且得将mysql中的列类型适配为clickhouse的列类型,然则也会出错(如Test4)
JDBC引擎参数为(bridge别名,测试库名,测试表名)
*/
-- Test1 读取mysql表中id,age,name列
-- 创建clickhouse测试表
CREATE TABLE jdbc_table1
(
`id` Int32,
`age` Int32,
`name` String
)
ENGINE = JDBC('mysql-server', 'test', 'tablea')
-- 查看jdbc_table1表数据
SELECT *
FROM jdbc_table1
┌─id─┬─age─┬─name─┐
│ 1 │ 18 │ a │
│ 2 │ 18 │ b │
│ 3 │ 18 │ c │
│ 4 │ 18 │ d │
└────┴─────┴──────┘
4 rows in set. Elapsed: 0.002 sec.
-- 数据读取成功
-- Test2 读取mysql表中id,age列
-- 创建clickhouse测试表
CREATE TABLE jdbc_table2
(
`id` Int32,
`age` Int32
)
ENGINE = JDBC('mysql-server', 'test', 'tablea')
-- 查看jdbc_table2表数据
SELECT *
FROM jdbc_table2
┌─id─┬─age─┐
│ 1 │ 18 │
│ 2 │ 18 │
│ 3 │ 18 │
│ 4 │ 18 │
└────┴─────┘
4 rows in set. Elapsed: 0.002 sec.
-- 数据读取成功
-- Test3 读取mysql表中id,age,name,gender列
-- 创建clickhouse测试表
CREATE TABLE jdbc_table9
(
`id` Int32,
`age` Int32,
`name` String,
`gender` String
)
ENGINE = JDBC('mysql-server', 'test', 'tablea')
-- 查看jdbc_table3表数据
SELECT *
FROM jdbc_table9
0 rows in set. Elapsed: 0.023 sec.
Received exception from server (version 21.2.4):
Code: 86. DB::Exception: Received from localhost:19000. DB::Exception: Received error from remote server /?connection_string=mysql-server&columns=columns%20format%20version%3A%201%0A4%20columns%3A%0A%60id%60%20Int32%0A%60age%60%20Int32%0A%60name%60%20String%0A%60gender%60%20String%0A&max_block_size=65505. HTTP status code: 500 Internal Server Error, body: Failed to access [mysql-server] due to: SQLState(42S22) VendorCode(1054) Unknown column 'gender' in 'field list'.

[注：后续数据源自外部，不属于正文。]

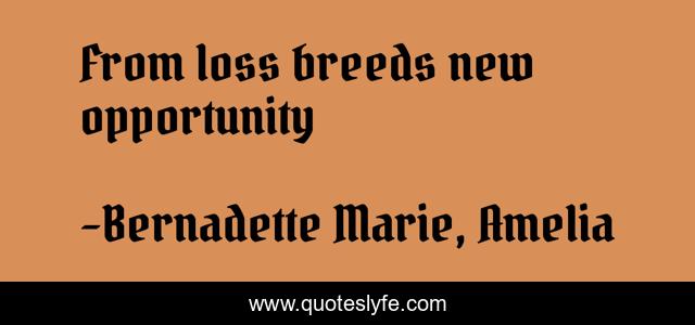 "Bernadette Marie, Amelia Quotes." Quoteslyfe.com, 2025. Mon. 08 Dec. 2025. <https://www.quoteslyfe.com/quote/From-loss-breeds-new-opportunity-122942>.

-- 数据读取失败,显示mysql中并没有gender列
-- Test4 读取mysql表中id,age,name列,列适配错误
-- 创建clickhouse测试表
CREATE TABLE jdbc_table4
(
`id` Int32,
`age` Int32,
`name` Int32
)
ENGINE = JDBC('mysql-server', 'test', 'tablea')
-- 查看jdbc_table4表数据
SELECT *
FROM jdbc_table10
0 rows in set. Elapsed: 0.019 sec.
Received exception from server (version 21.2.4):
Code: 86. DB::Exception: Received from localhost:19000. DB::Exception: Received error from remote server /?connection_string=mysql-server&columns=columns%20format%20version%3A%201%0A3%20columns%3A%0A%60id%60%20Int32%0A%60age%60%20Int32%0A%60name%60%20Int32%0A&max_block_size=65505. HTTP status code: 500 Internal Server Error, body: Failed to query against [mysql-server] due to: SQLState(S1009) VendorCode(0) Invalid value for getInt() - 'a'.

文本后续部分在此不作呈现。